Space is not that far away

If we could drive upwards at the same speed as we move on highways we could be in space in less than an hour. According to most international treaties and official regulations the frontier of outer space is called the Kármán lineand it is just 100 km away.

The moon is getting farther and farther away from us

Our moon is 384 km away from Earth, and this distance increases by 3.8 cm every year due to the gravitational interaction between the Moon and the Earth. Another effect of the interaction between Earth and the Moon is that Earth’s spin is slowing down by 2.3 milliseconds each century, which means our days get 2.3 milliseconds longer every century.

We’ve been to the moon 6 times

Most people know that humans have landed on the Moon’s surface, but not many people know that we’ve returned there a few times to conduct more scientific experiments, and to collect samples. Together, the six Apollo missions that landed on the Moon have brought to Earth almost 400 kg of lunar soil. Some of the debris from the visits can still be seen today by space probes passing by the moon. China, India and Japan have plans to send manned missions to the moon again before 2021.

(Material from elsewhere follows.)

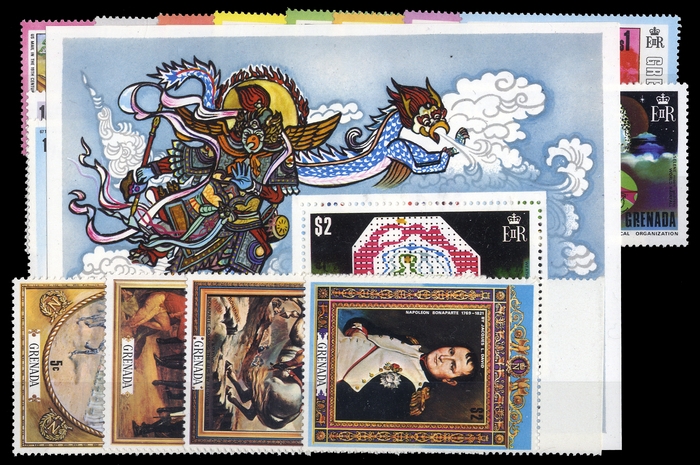 1972/74, 5 postfrische Ausgaben, Nr. 413-16, 422-27, 516-23, 589-96 und Block 28 (ME 21,-)

Jupiter has ‘at least’ 69 moons

Jupiter has so many moons that only 53 of them have actual names, the others are simply identified by their dates of discovery. While 69 moons may sound like a lot for one planet, we must remember that we can fit 1300 Earths inside of Jupiter! In terms of proportions, we can expect Jupiter to have many more moons than Earth. Jupiter also has the largest moon in the Solar System: Ganymede. Ganymede is larger than the planet Mercury, and would be considered a dwarf planet if it wasn’t orbiting Jupiter.

Our solar system has 5 dwarf planets

In 2006 Pluto was stripped of its planetary title and demoted to the status of dwarf planet. According to this new definition of planet, our Solar System has 8 planets (Mercury, Venus, Earth, Mars, Jupiter, Saturn, Uranus and Neptune) and 5 dwarf planets (Ceres, Pluto, Haumea, Makemake and Eris). The main difference between a planet and a dwarf planet is that the latter’s gravity is not strong enough to influence other objects along its orbit. Ceres, for example, is part of the Asteroid Belt between Mars and Jupiter, and for many years it was just considered to be a very big, round, asteroid. All the other dwarf planets, including Pluto, are located past Neptune’s orbit. These dwarf planets, together with many more objects, are called Trans-neptunian objects.

We may  have a 9th planet orbiting out there

In 2016, scientists found indirect evidence of a possible 9th planet as large as Neptune, moving around the sun in an elongated orbit past Pluto. The existence of the so-called Planet Nine (not an official name) is based on calculations of the orbits of Trans-neptunian objects. So far Planet Nine has not been directly observed, and not all astronomers agree that it exists. If Planet Nine is really out there, it wouldn’t be the first time that a planet has been discovered through the use of math; the existence of both Neptune and Pluto was predicted based solely on the motions of other planets before being observed directly.

 It took 35 years for a human-made object to leave the Solar System

Voyager 1, a probe launched in 1977, officially left our Solar System in 2012. If Voyager 1 was heading to the nearest star Proxima Centauri it would take approximately 76000 years to reach it.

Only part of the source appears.